* [WHAT THE TASK ASKS]
Locate "Der fischer Gipskartondübel" in the data below, then output the line it is on and all following lines through the last, word for word. Skip any pictures.

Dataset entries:
((
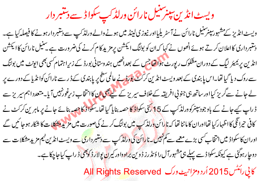 Westundies Spinner Sunil Narine Out Of World Cup Squad
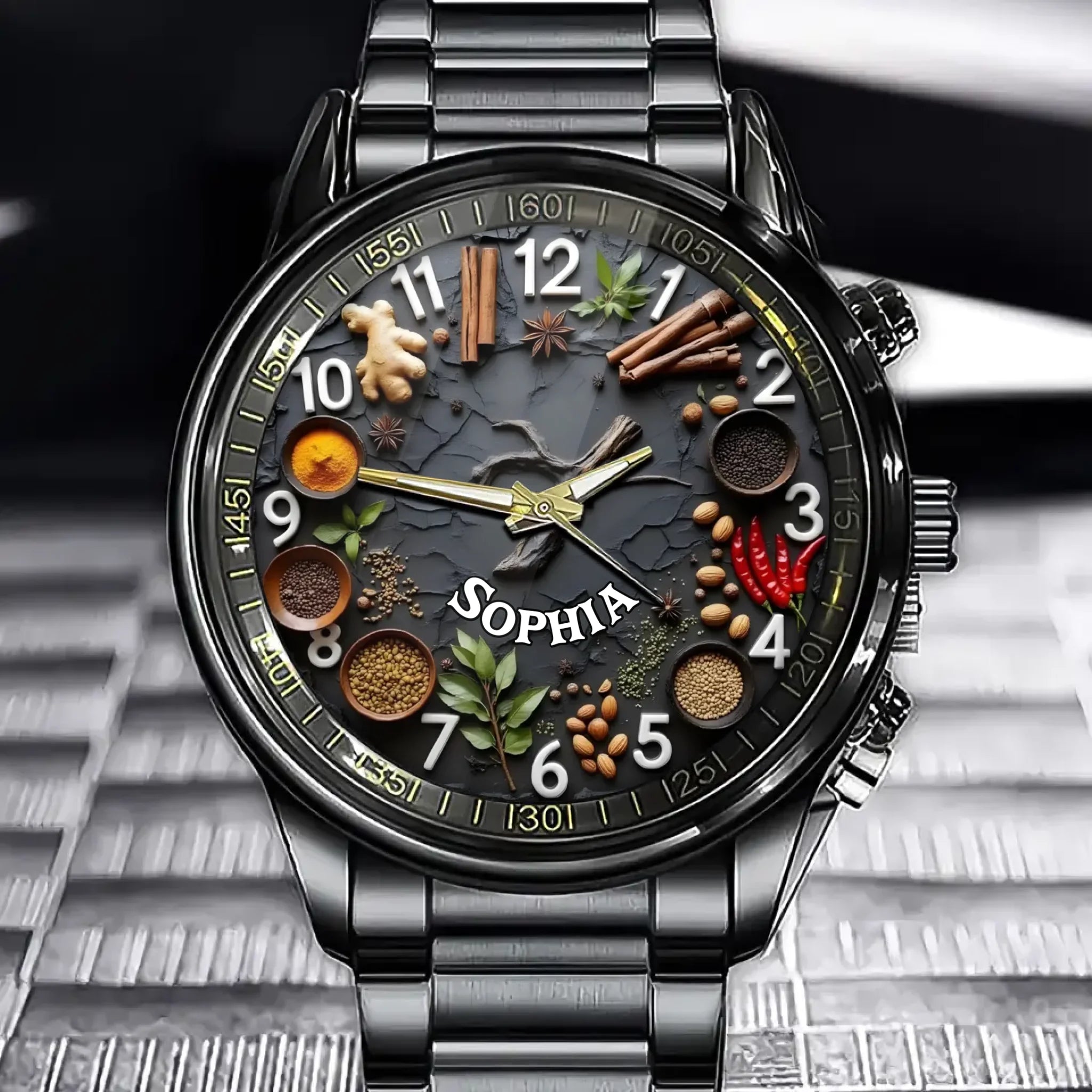 Personalized Cooking Enthusiast Watch - Spice Collection Design And Custom Name Personalization
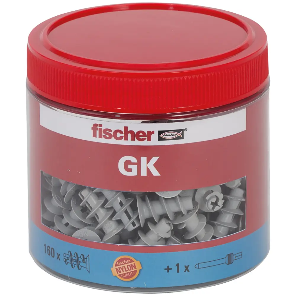 Der fischer Gipskartondübel GK ist aus hochwertigem Nylon gefertigt. Der Dübel wird in der Vorsteckmontage mit dem beigefügten Setzwerkzeug mit einem Akku-Schrauber oberflächenbündig in Gipskartonplatten eingedreht. Bis 15 mm Plattenstärke ist kein Vorbohren notwendig. Der fischer GK kann Holz-, Blech- und Spanplattenschrauben von 4 bis 5 mm Stärke sowie unterschiedliche Haken und Ösen aufnehmen. Dadurch ist er universell geeignet, um Bilder, Leuchten und Elektroinstallationen sicher und schnell zu befestigen.Baustoff
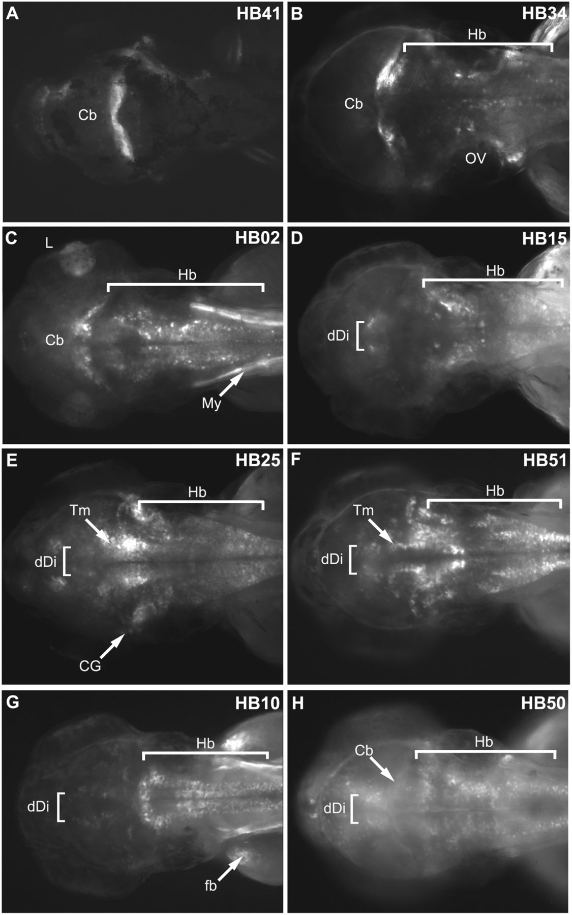 Predicted enhancers display pleiotropic expression patterns in the hindbrain. (A–H) GFP reporter expression from eight stable lines corresponding to Hb predictions showing expression across the Hb as well as in some non-Hb domains. Dorsal view images were taken at 3 dpf (for lateral images, see Supplemental Figures), anterior to the left. (A) HB41, (B) HB34, (C) HB02, (D) HB15, (E) HB25, (F) HB51, (G) Hb10, (H) HB50. (Cb) cerebellum; (OV) otic vesicle; (Hb) hindbrain; (L) lens; (My) myotome; (dDi) dorsal diencephalon; (Tm) tegmentum; (CG) cranial ganglia; (fb) fin bud.
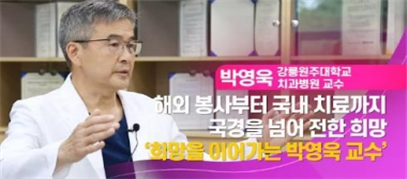 박영욱 교수의 헌신적인 의료봉사와 따뜻한 인술 이야기를 통해 국립강릉원주대학교 치과대학 및 강릉원주대학교치과병원의 소중한 가치인 “인간 사랑의 실천” 이 널리 전해지길 바랍니다.
))
* [ANSWER FOR THIS EXERCISE]
 Der fischer Gipskartondübel GK ist aus hochwertigem Nylon gefertigt. Der Dübel wird in der Vorsteckmontage mit dem beigefügten Setzwerkzeug mit einem Akku-Schrauber oberflächenbündig in Gipskartonplatten eingedreht. Bis 15 mm Plattenstärke ist kein Vorbohren notwendig. Der fischer GK kann Holz-, Blech- und Spanplattenschrauben von 4 bis 5 mm Stärke sowie unterschiedliche Haken und Ösen aufnehmen. Dadurch ist er universell geeignet, um Bilder, Leuchten und Elektroinstallationen sicher und schnell zu befestigen.Baustoff
 Predicted enhancers display pleiotropic expression patterns in the hindbrain. (A–H) GFP reporter expression from eight stable lines corresponding to Hb predictions showing expression across the Hb as well as in some non-Hb domains. Dorsal view images were taken at 3 dpf (for lateral images, see Supplemental Figures), anterior to the left. (A) HB41, (B) HB34, (C) HB02, (D) HB15, (E) HB25, (F) HB51, (G) Hb10, (H) HB50. (Cb) cerebellum; (OV) otic vesicle; (Hb) hindbrain; (L) lens; (My) myotome; (dDi) dorsal diencephalon; (Tm) tegmentum; (CG) cranial ganglia; (fb) fin bud.
 박영욱 교수의 헌신적인 의료봉사와 따뜻한 인술 이야기를 통해 국립강릉원주대학교 치과대학 및 강릉원주대학교치과병원의 소중한 가치인 “인간 사랑의 실천” 이 널리 전해지길 바랍니다.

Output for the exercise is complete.